LibreOffice [1] is a free and open source code office suite developed by the Documentation Foundation. The LibreOffice suite includes text processors, spreadsheets, presentation programs, vector graphics editors and chart tools, database management programs, and applications for creating and editing mathematical formulas. By using LibreOffice's CLI, Microsoft Office files can be easily converted to PDF files. See the following figure:

$ soffice --convert-to pdf --outdir /tmp /tmp/test.doc

The size of a full LibreOffice program is 2 GB. In Function Compute, however, the size of the /tmp cache directory is limited to 512 MB and that of the zip package is limited to 50 MB. Fortunately, the aws-lambda-libreoffice project [2] from the community has successfully migrated LibreOffice to the AWS Lambda platform. Based on the existing methods and experiences, I created the fc-libreoffice project, which enables LibreOffice to run on Alibaba Cloud's function calculation platform. fc-libreoffice resolves the following problems based on aws-lambda-libreoffice:

  • Recompile and tailor LibreOffice to adapt it to the built-in gcc and kernel versions of the FC nodejn8 runtime environment.
  • Install libssl3 dependencies that were missing during the runtime.
  • Download and extract it during OSS runtime to override the 50 MB limit for ZIP packages.
  • The example project has been created to support one-click deployment for a quick experience.

This document focuses on the entire migration process. It also records the key steps for migration to the function calculation platform in the future by using similar conversion tools. If you are interested in how to quickly build a cheap and scalable Word-to-PDF cloud service, see Launching a Word-to-PDF Cloud Service on Function Compute.

Preparation

We recommend that you prepare a Debian/Ubuntu machine with high specifications because LibreOffice compilation consumes a number of computing resources. Install and configure the following tools on the machine:

For MacOS systems, use the following installation method:

brew tap vangie/formula
brew install fun

For other platforms, install by using NPM.

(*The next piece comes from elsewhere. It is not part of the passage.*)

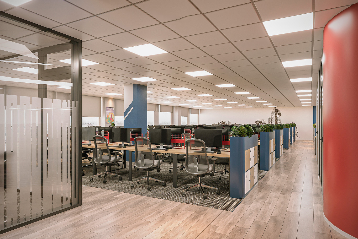 Nội thất Module: Sản xuất và lắp đặt bàn làm việc module có vách ngăn màu xanh dương/ghi xám. Thi công tủ locker cá nhân (màu xanh dương) tích hợp vào cột hoặc khu vực phân chia không gian.

npm install @alicloud/fun -g

The command line tool for OSS is ossutil. Download and store the tool in the directory that $PATH points to.

Compile LibreOffice

We use the aliyunfc/runtime-nodejs8:build docker image provided by fc-docker to compile LibreOffice. fc-docker provides a range of docker images, whose runtime environments are very similar to actual Function Compute environments. Because we will run LibreOffice in the nodejs8 environment, aliyunfc/runtime-nodejs8:build is used in this case. The tab image requires more basic packages compared with other images.

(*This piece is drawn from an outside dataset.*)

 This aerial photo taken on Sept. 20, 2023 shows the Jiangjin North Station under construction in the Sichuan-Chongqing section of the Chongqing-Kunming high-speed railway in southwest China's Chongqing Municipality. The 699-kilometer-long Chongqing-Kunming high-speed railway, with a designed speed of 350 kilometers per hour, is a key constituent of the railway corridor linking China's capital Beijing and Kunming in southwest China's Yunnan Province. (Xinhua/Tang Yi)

Start a Compilation Environment

Run the following command to start a container for building LibreOffice.

docker run --name libre-builder --rm  -v $(pwd):/code -d -t --cap-add=SYS_PTRACE --security-opt seccomp=unconfined aliyunfc/runtime-nodejs8:build bash

In this case, a container named lipo-builder is started and the current directory is mounted to the /code directory of the file system in the container. The additional parameter --cap-add=SYS_PTRACE --security-opt seccomp=unconfined is required for CPP program compilation. If this parameter is missing, you will be prompted with a warning. Here, -d indicates daemon and -t indicates tty. The bash command prevents the container from exiting. --rm indicates that the container is automatically deleted once it stops.

Install the Compilation Tool

Now, enter the container to install the compilation tool.

apt-get install -y ccache
apt-get build-dep -y libreoffice

CCache is a compilation tool that can accelerate multi-compilation of GCC to the same program. Although the initial compilation process takes a relatively long time, CCache can significantly accelerate subsequent compilation processes.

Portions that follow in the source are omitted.